Indie Rock Made By and For Human Beings

eston martz
eston martzchief feedback officer
player of guitars, shouter of words, writer of songs, executor of other duties assigned or imagined.
jean-pierre mulley
jean-pierre mulleysonics engineer
bender of strings, mixer of sounds, genius of noises, manipulator of gear, deployer of tones.
jeff edmunds
jeff edmundsdepth technician
knower of things said, builder of foundations, bender of circuits, walker of basslines.
greg elliott
greg elliottmeat hammer
hitter of skins, wielder of sticks, engine of rhythms, bedrock of timing.

tla history

Reclusive Pennsylvania-based indie rock pioneers The Long Afternoon formed in Pittsburgh in 1985 and consolidated in State College in 1987. The organization has pursued a strategy of deliberate obscurity, opting not to participate in conventional rock and roll career-building activities and eschewing traditional notions of success entirely, leaving their ultimate ambitions and intent unknown to any but the group’s inner circle.

High-profile opening slots for indie-rock luminaries like Dinosaur Jr. yielded a deal in 1987 with Bulging Eye, then the Flaming Lips’ management company, in 1987. A self-titled EP was recorded and a national tour planned, but acrimony led to the suspension of all organizational initiatives, and the 1987 EP remains unreleased.

The Long Afternoon later embarked on a new series of initiatives. The organization’s first album, “The Luxury Problem,” came out in 2006 to enthusiastic reviews in The Big Takeover and, ironically enough for an organization whose  personnel no longer indulge, High Times. Their second album, 2009’s Signifying Nothing, was named one of the 10 best indie albums of the year by A Future in Noise.

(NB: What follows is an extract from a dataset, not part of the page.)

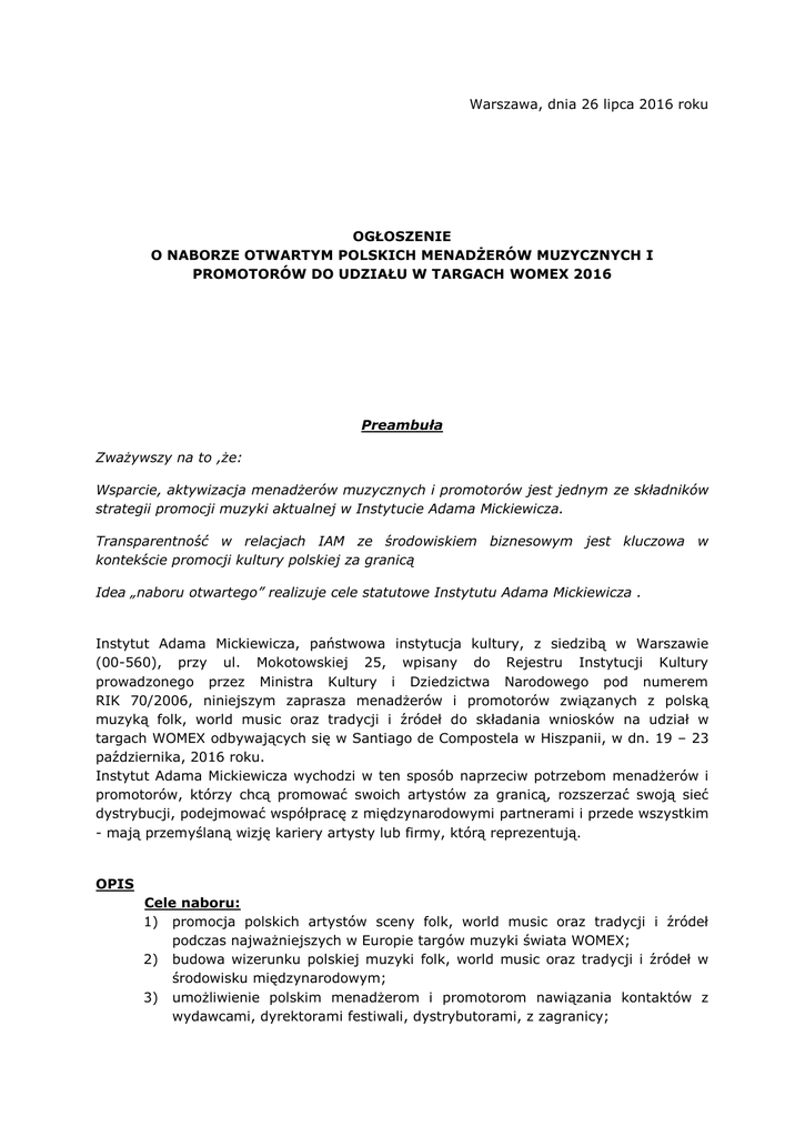 Warszawa, dnia 26 lipca 2016 roku OGŁOSZENIE O NABORZE OTWARTYM POLSKICH MENADŻERÓW MUZYCZNYCH I PROMOTORÓW DO UDZIAŁU W TARGACH WOMEX 2016 Preambuła Zważywszy na to ,że: Wsparcie, aktywizacja menadżerów muzycznych i promotorów jest jednym ze składników strategii promocji muzyki aktualnej w Instytucie Adama Mickiewicza. Transparentność w relacjach IAM ze środowiskiem biznesowym jest kluczowa w kontekście promocji kultury polskiej za granicą Idea „naboru otwartego” realizuje cele statutowe Instytutu Adama Mickiewicza . Instytut Adama Mickiewicza, państwowa instytucja kultury, z siedzibą w Warszawie (00-560), przy ul. Mokotowskiej 25, wpisany do Rejestru Instytucji Kultury prowadzonego przez Ministra Kultury i Dziedzictwa Narodowego pod numerem RIK 70/2006, niniejszym zaprasza menadżerów i promotorów związanych z polską muzyką folk, world music oraz tradycji i źródeł do składania wniosków na udział w targach WOMEX odbywających się w Santiago de Compostela w Hiszpanii, w dn. 19 – 23 października, 2016 roku. Instytut Adama Mickiewicza wychodzi w ten sposób naprzeciw potrzebom menadżerów i promotorów, którzy chcą promować swoich artystów za granicą, rozszerzać swoją sieć dystrybucji, podejmować współpracę z międzynarodowymi partnerami i przede wszystkim - mają przemyślaną wizję kariery artysty lub firmy, którą reprezentują. OPIS Cele naboru: 1) promocja polskich artystów sceny folk, world music oraz tradycji i źródeł podczas najważniejszych w Europie targów muzyki świata WOMEX; 2) budowa wizerunku polskiej muzyki folk, world music oraz tradycji i źródeł w środowisku międzynarodowym; 3) umożliwienie polskim menadżerom i promotorom nawiązania kontaktów z wydawcami, dyrektorami festiwali, dystrybutorami, z zagranicy; 4) umożliwienie wnioskodawcom uczestnictwa jako zaproszeni delegaci w stoisku promującym Polskę pod hasłem „Poland by Culture.pl” WSPARCIE 1. Instytut wesprze finansowo wnioskodawców w zakresie: 1) zwrotu kosztów zakupu akredytacji na targi WOMEX; 2) zapewnienia noclegu w Santiago de Compostela w hotelu os standardzie *** (jedynki ze śniadaniami w dn 18 – 24 października) 2. Instytut nie zapewnia i nie będzie pokrywał innych kosztów Wnioskodawcy, w tym kosztów podróży na Targi, a także nie będzie wypłacał wnioskodawcom diet ani honorariów. WNIOSKODAWCY 3. Ogłoszenie kieruje się do menadżerów muzycznych, promotorów, wydawców muzycznych posiadających w swoim katalogu polskich artystów oraz dyrektorów programowych/artystycznych polskich festiwali folkowych, world music i pokrewnych, zapraszających na swój festiwal polskich artystów 4. Podmioty, które poprzez nabór otwarty korzystały ze wsparcia Instytutu w roku 2015, będą mogły ubiegać się o wsparcie również w roku bieżącym. W tym przypadku jednak Instytut zapewni takiemu podmiotowi tylko i wyłącznie zwrot kosztów zakupu akredytacji na targi WOMEX. Pozostałe koszty, w tym koszty rezerwacji hotelowych i podróży muszą zostać pokryte przez Wnioskodawcę. FORMULARZ ZGŁOSZENIOWY 5. Osoby zgłaszające, zobowiązane są do wypełnienia formularza zgłoszeniowego zawierającego pytania mające na celu określenie profilu zgłaszającego, a także określającego cele wyjazdu na Targi oraz proponowany plan ewentualnych spotkań z zagranicznymi partnerami. Formularz zgłoszeniowy znajduje się na stronie iam.pl PROCEDURA 6. Nabór wniosków trwać będzie w okresie od dnia 27 lipca 2016 roku do 5 sierpnia 2016 roku, do godz 23.59. Formularz zgłoszeniowy należy przesłać e-mailem na adres [email protected]. 7. Do udziału w projekcie zaproszonych zostanie maksymalnie 10 wnioskodawców, których zgłoszenia zostaną najwyżej ocenione. 8. Do oceny merytorycznej są kierowane wyłącznie wnioski spełniające wymagania formalne, tj. przesłane w terminie i zawierające wypełnione wszystkie wymagane pozycje formularza. 9. Oceny merytorycznej wniosków dokonywać będzie Komisja, w składzie trzech osób (eksperta muzyki aktualnej IAM, realizatora i koordynatora projektów muzycznych IAM, oraz jednego eksperta zewnętrznego – koordynatora Targów WOMEX). 10. Wnioski będą oceniane, przez każdego z członków Komisji, według następujących kryteriów merytorycznych: 1) Doświadczenia w branży wynikającego z krótkiego opisu działalności wnioskodawcy – 0-10 pkt; 2) Rzeczowo sformułowanych celów wyjazdu na Targi WOMEX – 0-10 pkt; 3) Planu potencjalnych spotkań z zagranicznymi partnerami podczas Targów WOMEX – 0 – 10 pkt; 4) Przejrzyście i szczegółowo sformułowanych potencjalnych efektów wyjazdu na Targi WOMEX - 0 – 10 pkt; 11. Każdy z członków Komisji będzie przyznawał punkty, o których mowa w ust. 9 powyżej, samodzielnie, które następnie ulegną zsumowaniu i podzieleniu przez liczbę członków Komisji. 12.Wyniki, uzyskane przez wnioskodawców zostaną ogłoszone na stronach internetowych www.iam.pl i www.dontpanic.culture.pl do dnia 10 sierpnia 2016 roku. 13. Do uzyskania wsparcia Instytutu rekomendowane będą projekty, które uzyskały najwyższą punktację. 14. Instytut będzie się kontaktował z Wnioskodawcami, którzy złożyli formularze zgłoszeniowe, o których mowa w ust. 4 powyżej, celem zaproszenia do udziału w projekcie. 15. Zwrot kosztów zakupu akredytacji, o której mowa w pkt 1, odbędzie się przelewem na podane konto Wnioskodawcy w terminie 14 dni od momentu dostarczenia prawidłowo przygotowanego raportu z wyjazdu na Targi WOMEX wraz z dokumentem księgowym potwierdzającym zakup ww. akredytacji. Wzór raportu znajduje się w załączniku nr 2. 16. W przypadku, w którym wybrany Wnioskodawca nie weźmie udziału w Targach, z przyczyn od niego zależnych, zobowiązany będzie do zwrotu Instytutowi kosztów związanych z wykupionym noclegiem, w wysokości kosztów poniesionych przez Instytut, w terminie 7 dni od daty dostarczenia wezwania do zapłaty.

The group’s third album, 2011’s An Index of Maladjustments, added additional guitar muscle and also contained “The Chameleonaires,” a single that, while typically ambiguous and open to multiple interpretations, was nonetheless adopted as an anthem of sorts by Occupy Wall Street protestors. The Long Afternoon neither encouraged nor discouraged this use of their statement.

The organization’s fourth album, the eerily prescient Regression, was released in August 2016, steeped in themes of thoughtless automata, top-down control, conspiratorial hallucination, and corrupt denial of reality.

The Long Afternoon continues to issue recorded statements and proffer live demonstrations as situations demand. They are deeply grateful for the opportunity to spend part of their lives creating music, and twice as grateful to those who listen to the music they create.